• [TASK]: Output the full listing below exactly as it reads, and skip anything that is a picture.

-------- INFORMATION PROVIDED --------

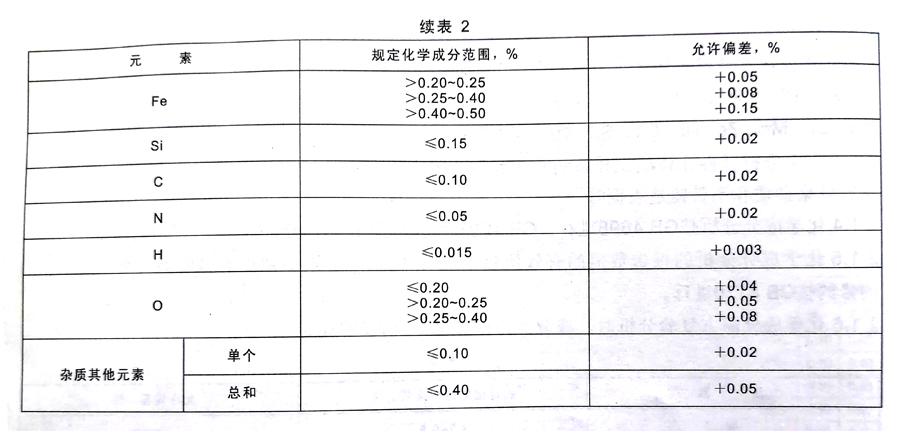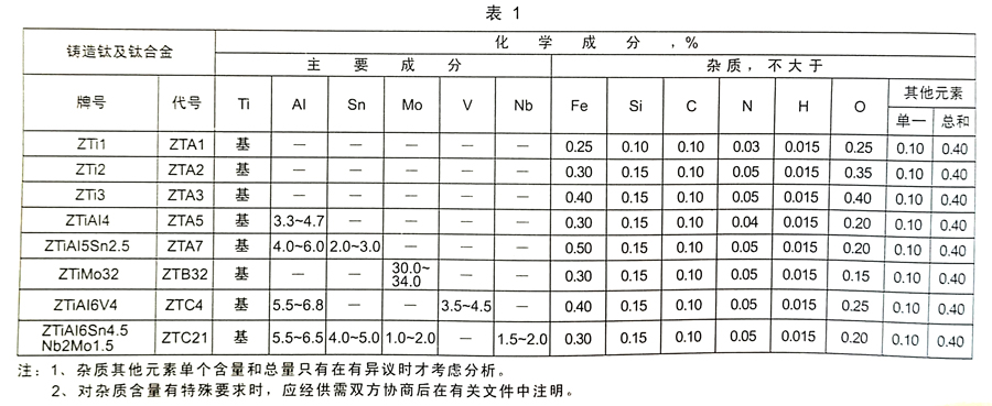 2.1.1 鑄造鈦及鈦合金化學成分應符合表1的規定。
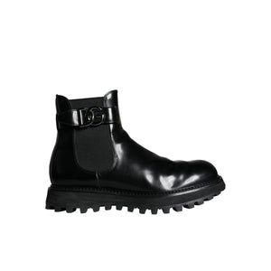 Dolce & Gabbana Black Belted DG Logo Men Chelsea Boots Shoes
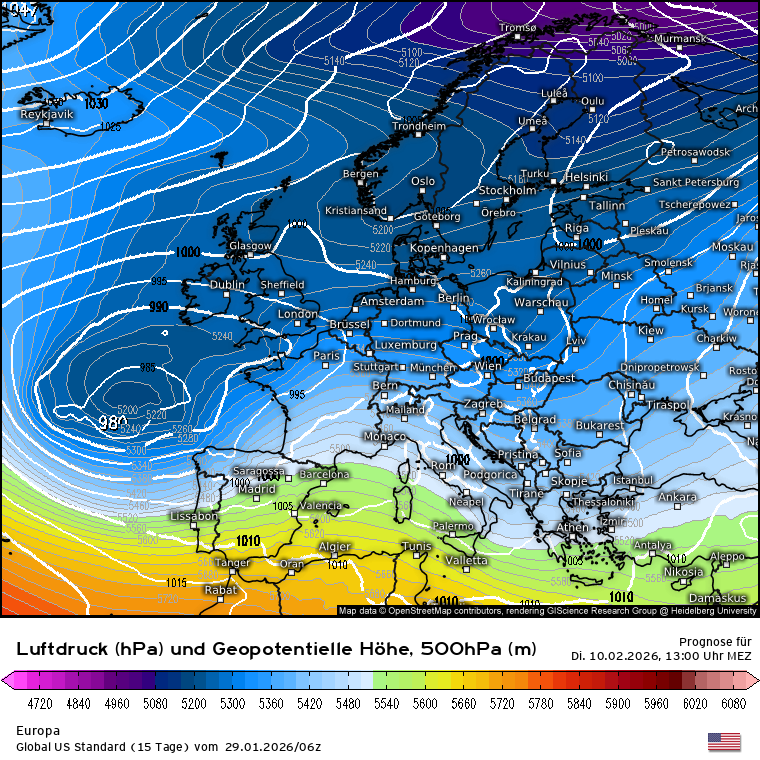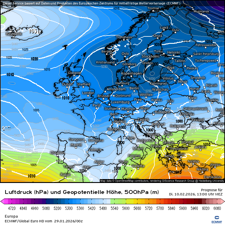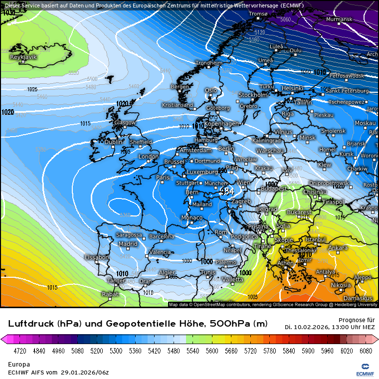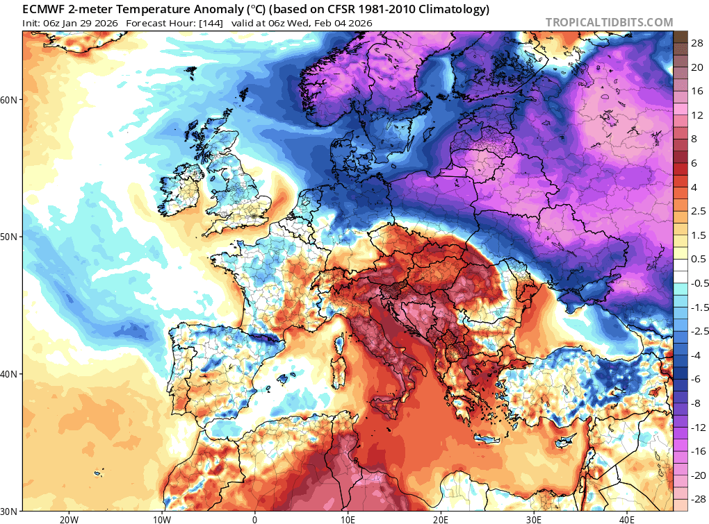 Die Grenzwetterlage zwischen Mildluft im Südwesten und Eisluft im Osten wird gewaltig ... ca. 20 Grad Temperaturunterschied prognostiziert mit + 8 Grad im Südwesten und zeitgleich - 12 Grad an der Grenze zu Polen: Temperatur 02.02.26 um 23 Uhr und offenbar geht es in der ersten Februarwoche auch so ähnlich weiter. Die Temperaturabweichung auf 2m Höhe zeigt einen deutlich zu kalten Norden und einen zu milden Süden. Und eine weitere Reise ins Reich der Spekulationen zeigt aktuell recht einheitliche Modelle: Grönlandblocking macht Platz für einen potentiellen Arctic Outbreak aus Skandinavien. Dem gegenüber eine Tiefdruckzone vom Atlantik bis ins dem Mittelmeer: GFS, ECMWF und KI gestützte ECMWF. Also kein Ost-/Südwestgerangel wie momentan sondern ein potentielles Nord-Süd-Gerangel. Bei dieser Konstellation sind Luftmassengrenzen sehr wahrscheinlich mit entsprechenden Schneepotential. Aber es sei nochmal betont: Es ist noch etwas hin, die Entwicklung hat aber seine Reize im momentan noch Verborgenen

--------

• [EXERCISE SOLUTION]:
 2.1.1 鑄造鈦及鈦合金化學成分應符合表1的規定。
 Dolce & Gabbana Black Belted DG Logo Men Chelsea Boots Shoes
 Die Grenzwetterlage zwischen Mildluft im Südwesten und Eisluft im Osten wird gewaltig ... ca. 20 Grad Temperaturunterschied prognostiziert mit + 8 Grad im Südwesten und zeitgleich - 12 Grad an der Grenze zu Polen: Temperatur 02.02.26 um 23 Uhr und offenbar geht es in der ersten Februarwoche auch so ähnlich weiter. Die Temperaturabweichung auf 2m Höhe zeigt einen deutlich zu kalten Norden und einen zu milden Süden. Und eine weitere Reise ins Reich der Spekulationen zeigt aktuell recht einheitliche Modelle: Grönlandblocking macht Platz für einen potentiellen Arctic Outbreak aus Skandinavien. Dem gegenüber eine Tiefdruckzone vom Atlantik bis ins dem Mittelmeer: GFS, ECMWF und KI gestützte ECMWF. Also kein Ost-/Südwestgerangel wie momentan sondern ein potentielles Nord-Süd-Gerangel. Bei dieser Konstellation sind Luftmassengrenzen sehr wahrscheinlich mit entsprechenden Schneepotential. Aber es sei nochmal betont: Es ist noch etwas hin, die Entwicklung hat aber seine Reize im momentan noch Verborgenen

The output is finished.